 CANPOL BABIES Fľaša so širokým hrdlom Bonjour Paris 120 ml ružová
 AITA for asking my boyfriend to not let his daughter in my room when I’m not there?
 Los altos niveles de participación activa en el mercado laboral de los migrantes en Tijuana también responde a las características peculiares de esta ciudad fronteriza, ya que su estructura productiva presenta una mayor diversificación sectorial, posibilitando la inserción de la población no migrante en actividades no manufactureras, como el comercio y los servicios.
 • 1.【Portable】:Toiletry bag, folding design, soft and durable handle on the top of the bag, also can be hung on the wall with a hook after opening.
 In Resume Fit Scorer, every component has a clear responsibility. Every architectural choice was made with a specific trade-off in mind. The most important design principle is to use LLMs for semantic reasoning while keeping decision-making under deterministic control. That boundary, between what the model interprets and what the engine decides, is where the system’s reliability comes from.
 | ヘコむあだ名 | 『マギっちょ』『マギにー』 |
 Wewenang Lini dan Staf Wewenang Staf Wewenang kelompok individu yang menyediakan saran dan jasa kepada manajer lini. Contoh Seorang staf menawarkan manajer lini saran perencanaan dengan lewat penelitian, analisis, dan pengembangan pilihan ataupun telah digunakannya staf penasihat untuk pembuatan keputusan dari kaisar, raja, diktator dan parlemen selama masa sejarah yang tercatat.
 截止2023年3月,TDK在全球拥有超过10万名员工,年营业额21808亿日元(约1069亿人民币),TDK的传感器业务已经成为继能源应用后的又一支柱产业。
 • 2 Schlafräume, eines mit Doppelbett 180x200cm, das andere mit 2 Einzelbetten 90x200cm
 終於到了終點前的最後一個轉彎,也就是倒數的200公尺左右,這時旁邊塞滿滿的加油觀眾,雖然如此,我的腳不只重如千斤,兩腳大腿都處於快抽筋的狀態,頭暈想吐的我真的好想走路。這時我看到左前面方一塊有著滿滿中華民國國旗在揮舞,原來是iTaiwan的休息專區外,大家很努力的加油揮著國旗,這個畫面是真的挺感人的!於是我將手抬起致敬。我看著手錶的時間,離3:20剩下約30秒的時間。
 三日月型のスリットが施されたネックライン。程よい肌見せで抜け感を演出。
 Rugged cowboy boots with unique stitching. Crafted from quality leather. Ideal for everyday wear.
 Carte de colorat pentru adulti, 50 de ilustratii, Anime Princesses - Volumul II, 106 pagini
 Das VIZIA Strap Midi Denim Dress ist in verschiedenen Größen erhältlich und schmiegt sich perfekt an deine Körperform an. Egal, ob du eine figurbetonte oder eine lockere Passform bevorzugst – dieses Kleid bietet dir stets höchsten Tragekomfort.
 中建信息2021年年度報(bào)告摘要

__Exercise prompt__. Return the data in full, with each line kept exactly as it is.

__Written answer__.
 CANPOL BABIES Fľaša so širokým hrdlom Bonjour Paris 120 ml ružová
 AITA for asking my boyfriend to not let his daughter in my room when I’m not there?
 Los altos niveles de participación activa en el mercado laboral de los migrantes en Tijuana también responde a las características peculiares de esta ciudad fronteriza, ya que su estructura productiva presenta una mayor diversificación sectorial, posibilitando la inserción de la población no migrante en actividades no manufactureras, como el comercio y los servicios.
 • 1.【Portable】:Toiletry bag, folding design, soft and durable handle on the top of the bag, also can be hung on the wall with a hook after opening.
 In Resume Fit Scorer, every component has a clear responsibility. Every architectural choice was made with a specific trade-off in mind. The most important design principle is to use LLMs for semantic reasoning while keeping decision-making under deterministic control. That boundary, between what the model interprets and what the engine decides, is where the system’s reliability comes from.
 | ヘコむあだ名 | 『マギっちょ』『マギにー』 |
 Wewenang Lini dan Staf Wewenang Staf Wewenang kelompok individu yang menyediakan saran dan jasa kepada manajer lini. Contoh Seorang staf menawarkan manajer lini saran perencanaan dengan lewat penelitian, analisis, dan pengembangan pilihan ataupun telah digunakannya staf penasihat untuk pembuatan keputusan dari kaisar, raja, diktator dan parlemen selama masa sejarah yang tercatat.
 截止2023年3月,TDK在全球拥有超过10万名员工,年营业额21808亿日元(约1069亿人民币),TDK的传感器业务已经成为继能源应用后的又一支柱产业。
 • 2 Schlafräume, eines mit Doppelbett 180x200cm, das andere mit 2 Einzelbetten 90x200cm
 終於到了終點前的最後一個轉彎,也就是倒數的200公尺左右,這時旁邊塞滿滿的加油觀眾,雖然如此,我的腳不只重如千斤,兩腳大腿都處於快抽筋的狀態,頭暈想吐的我真的好想走路。這時我看到左前面方一塊有著滿滿中華民國國旗在揮舞,原來是iTaiwan的休息專區外,大家很努力的加油揮著國旗,這個畫面是真的挺感人的!於是我將手抬起致敬。我看著手錶的時間,離3:20剩下約30秒的時間。
 三日月型のスリットが施されたネックライン。程よい肌見せで抜け感を演出。
 Rugged cowboy boots with unique stitching. Crafted from quality leather. Ideal for everyday wear.
 Carte de colorat pentru adulti, 50 de ilustratii, Anime Princesses - Volumul II, 106 pagini
 Das VIZIA Strap Midi Denim Dress ist in verschiedenen Größen erhältlich und schmiegt sich perfekt an deine Körperform an. Egal, ob du eine figurbetonte oder eine lockere Passform bevorzugst – dieses Kleid bietet dir stets höchsten Tragekomfort.
 中建信息2021年年度報(bào)告摘要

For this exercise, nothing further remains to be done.